The rhizome of D. obscurum typically produces only one upright shoot per year and grows in a single direction. In the beginning of a growing season, the rhizome grows a few centimeters and then forms one branch at a 90° angle, alternating sides each year, which remains only millimeters in length. It then grows another couple of centimeters and then again branches off to the same side to form an aerial shoot. The rhizome branch produced each year is usually very weak and dies the next, but serves as a reserve rhizome apex, with the potential to become a new main rhizome. This happens if the plant is especially productive, or more frequently if the tip of the main rhizome is damaged so that it cannot grow. When a new main rhizome is formed, it makes a second 90° turn so that it is growing in the same direction as the rhizome from which it came. All underground branching occurs parallel to the ground, so upright shoots must then orient themselves appropriately in order to emerge from the soil.

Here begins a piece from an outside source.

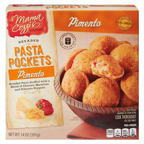 Mama Cozzi Pimento Breaded Pasta Pockets are stuffed with a blend of cheeses, macaroni and pimento peppers. Ideal for quick meals, these pockets are great for air frying or baking. Serve as a tasty appetizer or a fun side dish. Each 14 oz box ensures you have a delicious, easy-to-prepare option on hand. Add Mama Cozzi Pimento Breaded Pasta Pockets to your cart for a flavorful and satisfying dish.

Every year, a main rhizome produces only one aerial shoot, but in the case of a plant with multiple main rhizomes a new shoot is produced from each. The age of a shoot corresponds to the layers of compressed microphylls in its stem, caused by growth halting each winter, the same way as tree rings are formed. Shoot morphology can also be used to estimate their ages. First year shoots are unbranched and usually do not penetrate the soil surface. Second year shoots undergo rapid growth, usually reaching near their final heights, and forming several systems of lateral branches. Branching occurs only in the second, and sometimes third years. Strobili can be formed as early as the second growing season, but usually begin to be produced in the third. Strobilus production can continue through the fourth year, and shoots die in either the fourth or fifth year.

==Taxonomy==
The genus Dendrolycopodium is accepted in the Pteridophyte Phylogeny Group classification of 2016 (PPG I), but not in other classifications, which submerge the genus in Lycopodium.

==Uses and conservation==
Historically, Dendrolycopodium obscurum has been harvested from the wild for use as Christmas greens for wreaths, as well as the use of its spores for flash powder. While flash powder is now practically obsolete, the harvest of D. obscurum has caused it to become threatened in several areas, leading Indiana and New York to declare it protected by state law. When harvesting legally, it is recommended to cut the shoots using shears to minimize rhizome damage, alternate sites every year, and select only individuals possessing strobili with open sporophylls. This ensures that immature shoots are not harvested, and will be allowed an attempt at reproduction.